The Brno Highlands (Brněnská vrchovina) are highlands and a geomorphological macroregion of the Czech Republic. It is located mainly in the South Moravian Region, but it also extends into the Olomouc and Pardubice regions.

==Geomorphology==
The Brno Highlands is a macroregion of the Bohemian-Moravian Subprovince within the Bohemian Massif. It is further subdivided into the mesoregions of Boskovice Furrow, Bobrava Highlands and Drahany Highlands. The highest part is Drahany Higlands, which include Skalky – the highest peak of Brno Highlands at 735 m above sea level. The Bobrava Highlands do not exceed 479 m. The Boskovice Furrow is a depression with an average elevation of 335 m and the highest point being at 553 m.

==Geography==
The Brno Highlands rise to the north of the Thaya between Miroslav, and the Prostějov and Litovel in the north. The highlands have an area of 1963 km2 and an average height of 413 m.

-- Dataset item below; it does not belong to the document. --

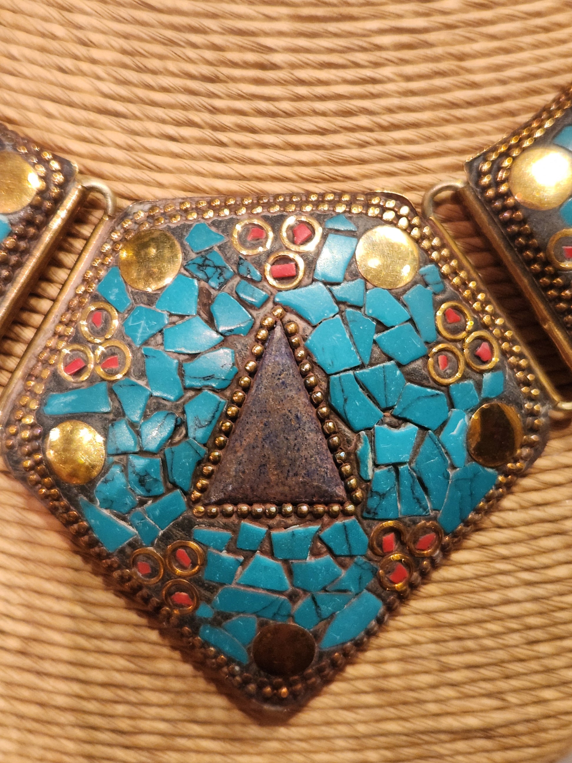 Make a bold fashion statement with this striking turquoise collar necklace. Featuring vibrant turquoise chips arranged in an eye-catching mosaic pattern, this piece commands attention with its distinctive style. The metal construction ensures durability while the statement collar design frames your neckline beautifully.
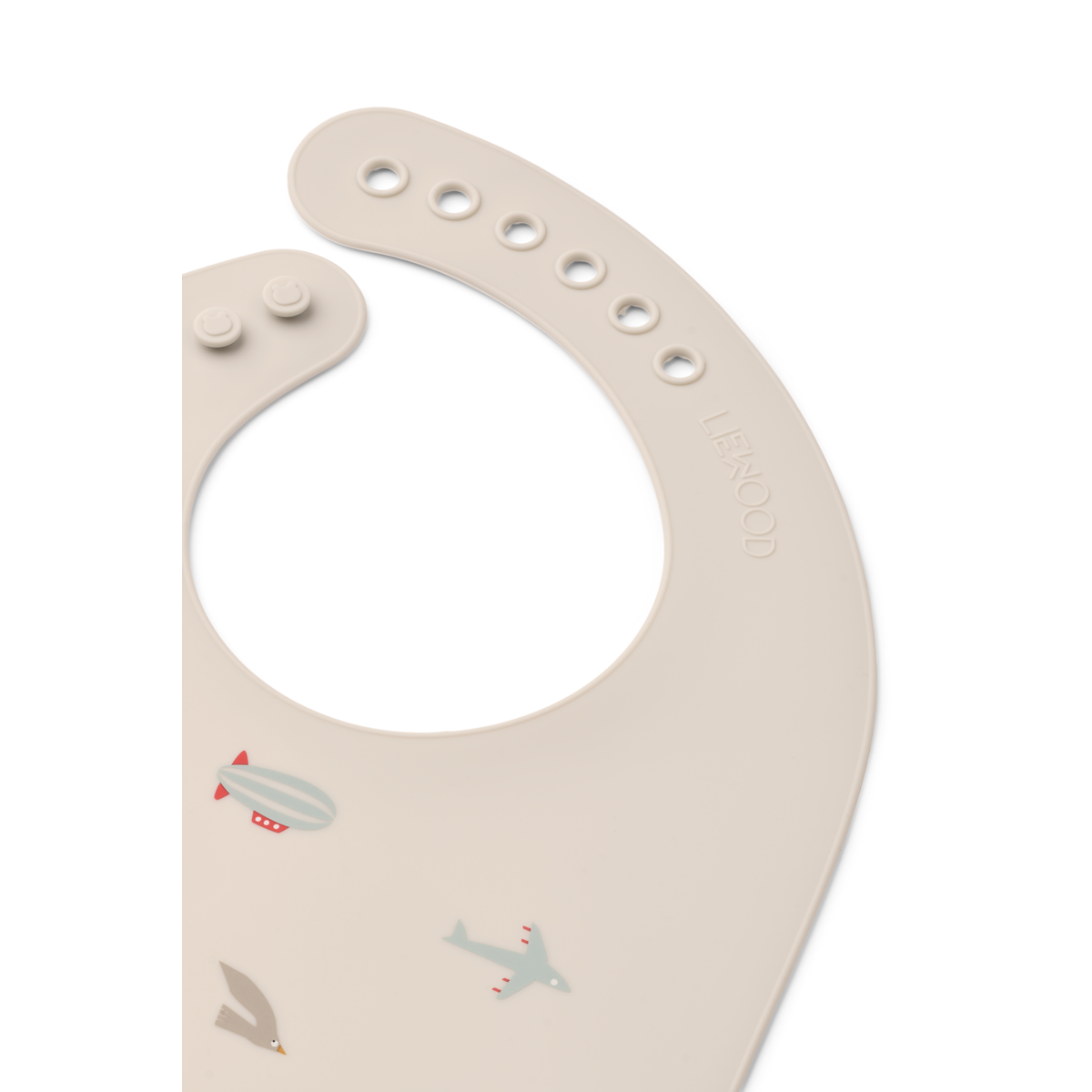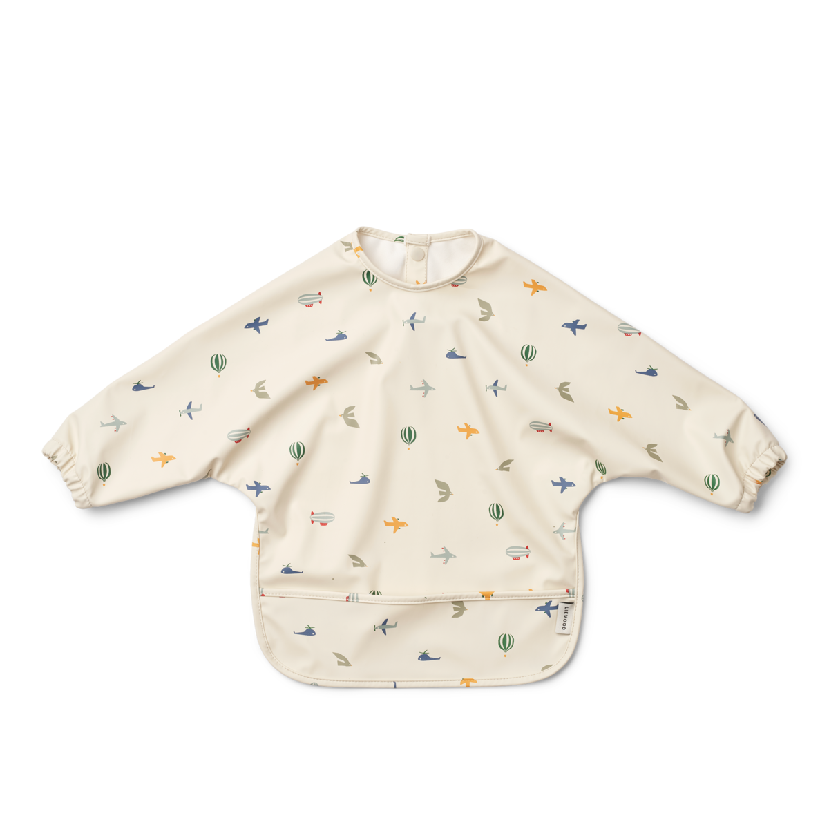 Lightweight cape bib for children who are learning to eat. The recycled material makes it instantly re-usable: simply rinse and wipe clean.

Among the main river flowing through the area are Svitava, Svratka and Jihlava.

Part of the city of Brno, which gave it its name, is located within the Brno Higlands. Other large settlements in the territory are the towns of Blansko, Boskovice, Kuřim, Ivančice, Letovice, Rosice and Adamov.

==Geology and pedology==
Southeast border line of Brno Highlands is also main border of two large geological provinces: Extendet crust (Bohemian Massif) and Orogeny (Carpatien)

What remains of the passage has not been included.